Date: 2012-03-16
Type of information: Initiation of patient enrollment
phase: 2
Announcement: initiation of patient enrollment
Company: Oxford University (UK) Imperial College London (UK) The Edinburgh University (UK)
Product: cystic fibrosis (CF) gene included in a plasmid and administered via a nebulizer
Action
mechanism: gene therapy
Disease: cystic fibrosis
Therapeutic area: Rare diseases - Genetic diseases
Country: UK
Trial
details: The phase II clinical trial will involve 130 cystic fibrosis patients using an inhaler to breathe in a working copy of the cystic fibrosis gene once a month for a year. Patients will receive the treatment by inhaling molecules of DNA wrapped in fat globules that deliver the replacement gene into the cells in the lung lining. Half the participants will receive the real treatment and half a placebo in a double-blind study. Patients aged 12 and over at Royal Brompton Hospital, London and Western General and Royal Hospital for Sick Children in Edinburgh, will receive one dose a month for one year.

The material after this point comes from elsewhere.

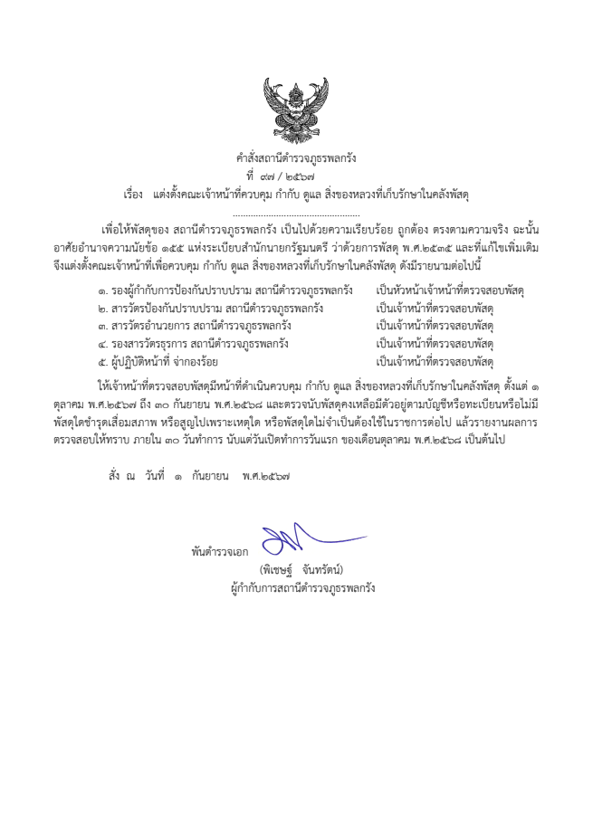 เมื่อวันที่ 16 ธันวาคม 2567 เวลา 13.00 น. พ.ต.อ.พิเชษฐ์ จันทรัตน์ ผกก.สภ.พลกรัง ประชุมข้าราชการตำรวจ สภ.พลกรัง ประจำเดือน ธันวาคม 2567  ณ ห้องประชุมชั้น 2 สภ.พลกรัง ได้มีการอบรมให้ความรู้เกี่ยวกับการจัดการทรัพย์สินของทางราชการ ของบริจาค และการจัดเก็บของกลาง เพื่อให้ข้าราชการตำรวจมีความเข้าใจถึงแนวทาง วิธีการจัดเก็บ การบำรุงรักษา การเบิก การคืน สิ่งของหลวง การดูแลรักษาสิ่งของบริจาค และการจัดเก็บของกลางในคดีอาญา จราจร การคืนของกลาง และกำชับให้ปฏิบัติตามระเบียบอย่างเคร่งครัด

Over 30 patients have each received a single dose of the gene therapy in the Consortium’s previous studies, looking at how effective the therapy is at replacing the protein encoded by the defective CF gene. By delivering multiple doses over the course of a year, the researchers aim to determine whether the therapy can improve symptoms for CF patients.
Latest
news: A consortium of researchers from Oxford University, Imperial College London and the University of Edinburgh will start enrolling patients on the trial this month. The trial will go ahead thanks to £3 million in funding from the Medical Research Council (MRC) and the National Institute for Health Research (NIHR) that is announced today. Additional laboratory studies to develop a potentially more efficient delivery method for the gene therapy will receive a further £1.2 million in support from the MRC. This second, lab-based study will investigate a more advanced version of the therapy using a modified virus to carry the replacement gene into the lungs, which could in future lead to a more efficient delivery mechanism.
The outcome of the phase II trial will be known in spring 2014 and regular progress reports will be posted on the UK Cystic Fibrosis Gene Therapy Consortium’s website.